Through his organizing work, Sharp later learned air pollution in his neighborhood likely led to him developing asthma. Pleasantville is bisected by several large freeways, and near an international shipping nexus adjacent with frequent truck traffic. “Those industries that were polluting [were] only three miles from us,” Sharp said.

Cordoned off by two major highways, saddled with industrial chemical manufacturing plants and recycling centers, and situated next to two major trade terminals, Pleasantville ranks in the 99th percentile for national climate vulnerability, according to the U.S. Climate Vulnerability Index, a tool developed by the nonprofit Environmental Defense Fund in partnership with Texas A&M University and a range of community groups like Achieving Community Tasks Successfully, the nonprofit where Sharp serves as a board member.
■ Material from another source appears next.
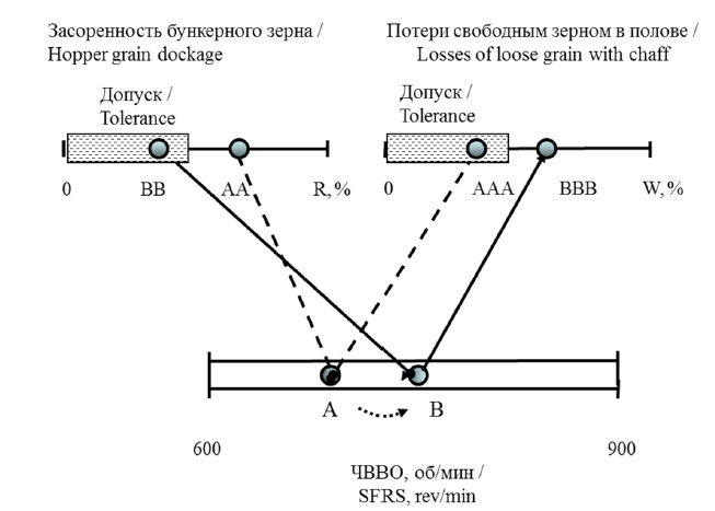 Задача корректировки осложняется наличием перекрестных зависимостей между регулировочными параметрами и показателями качества работы. Для иллюстрации этих зависимостей на рисунке 2 в качестве регулируемого параметра представлена ЧВВО. На горизонтальной шкале приведены рекомендуемые границы изменения значений ЧВВО для конкретной культуры (например, 600–850 об/мин). Примем, что в соответствии с конкретными целями уборки и внешними условиями значение ЧВВО соответствует точке A. На вертикальных шкалах (в целях упрощенного представления условий задачи) представлены только 2 показателя качества – «засоренность бункерного зерна» и «потери свободным зерном с половой». На каждой из этих шкал приведены границы изменчивости показателя качества и условно отображены границы допустимых значений данного показателя в соответствии с агротехническими требованиями (допуск).
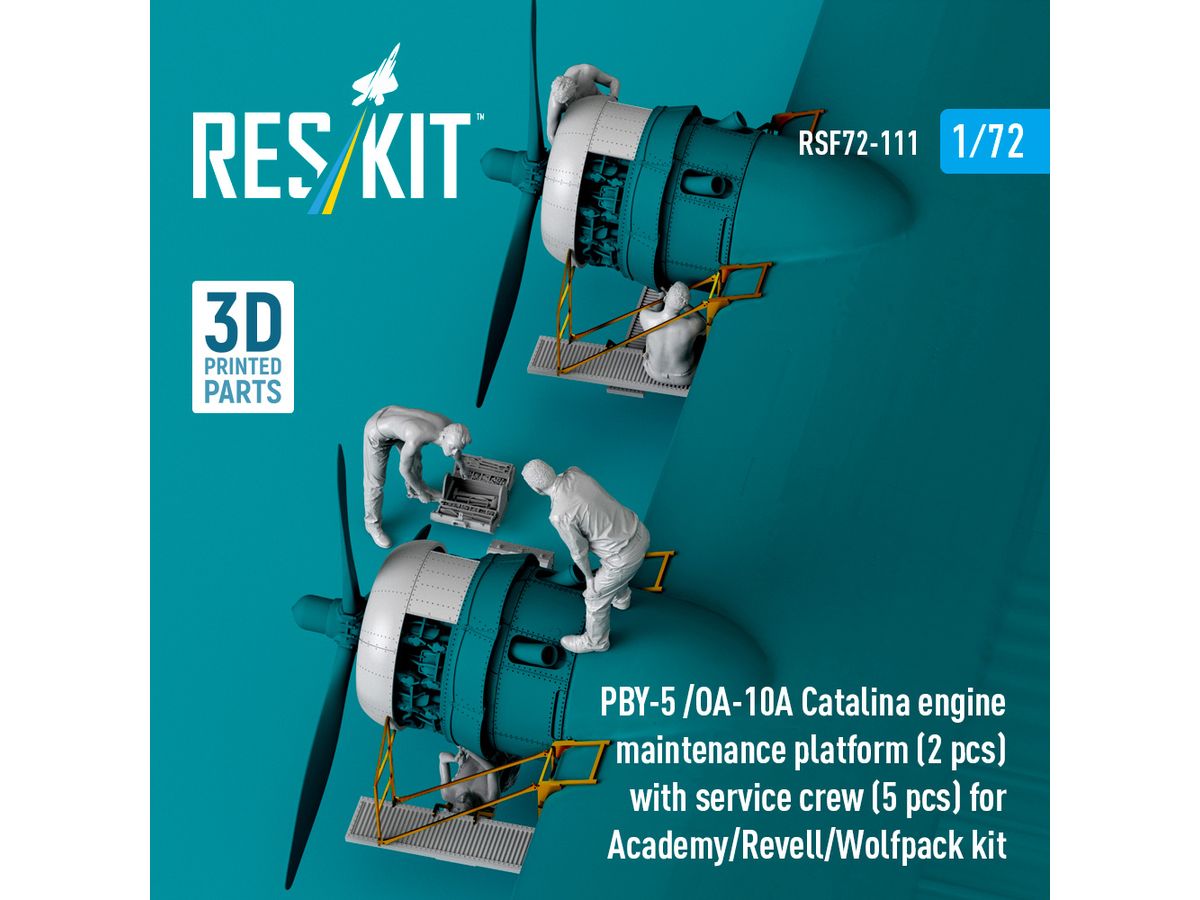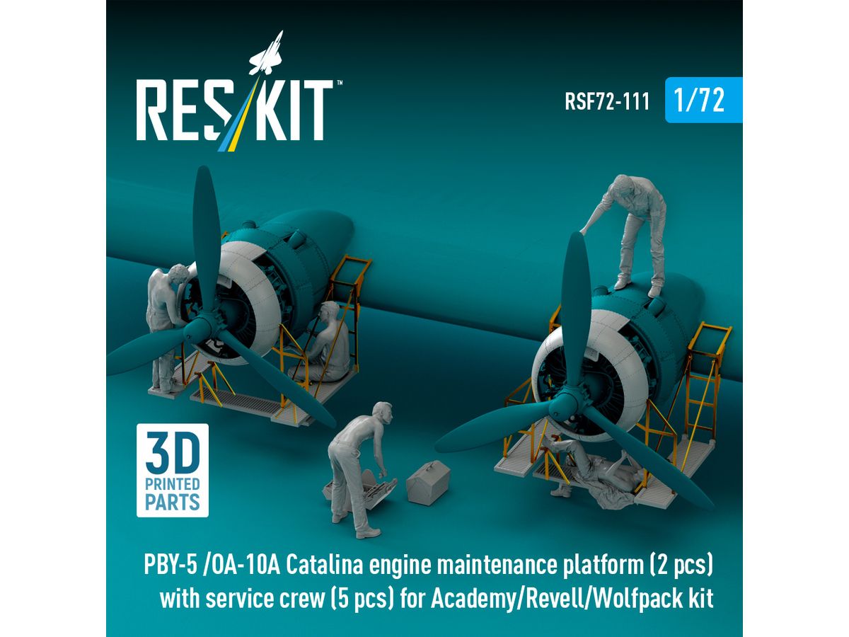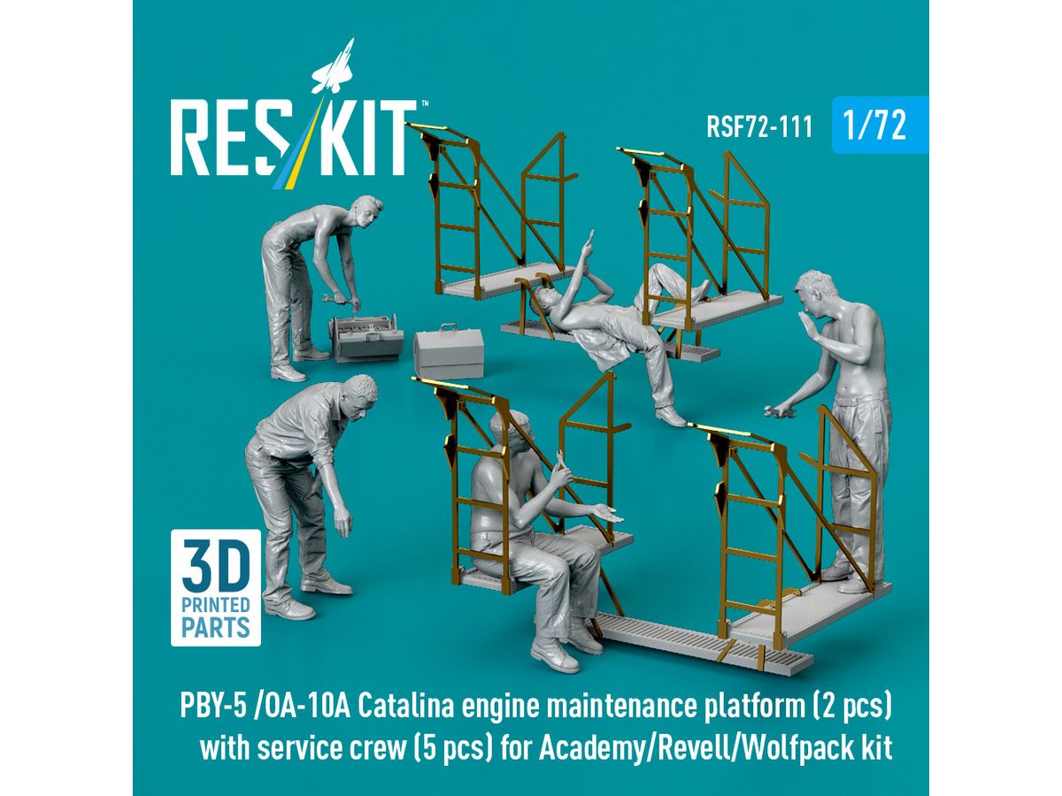 1/72 PBY-5/OA-10A カタリナ エンジン点検 作業台 (2台)w/整備兵 (5体) (アカデミー用)

The Climate Vulnerability Index is a first-of-its kind mapping tool that allows users to explore social, environmental, economic, and health conditions of every census tract in the U.S. 

Sharp’s health concerns are shared by many. For decades, residents of Pleasantville have been forced to contend with polluted air and soil, disinvestment in public programs and services, and a lack of empirical data to demonstrate what residents know to be true: Pleasantville’s environmental conditions were making far too many of them sick.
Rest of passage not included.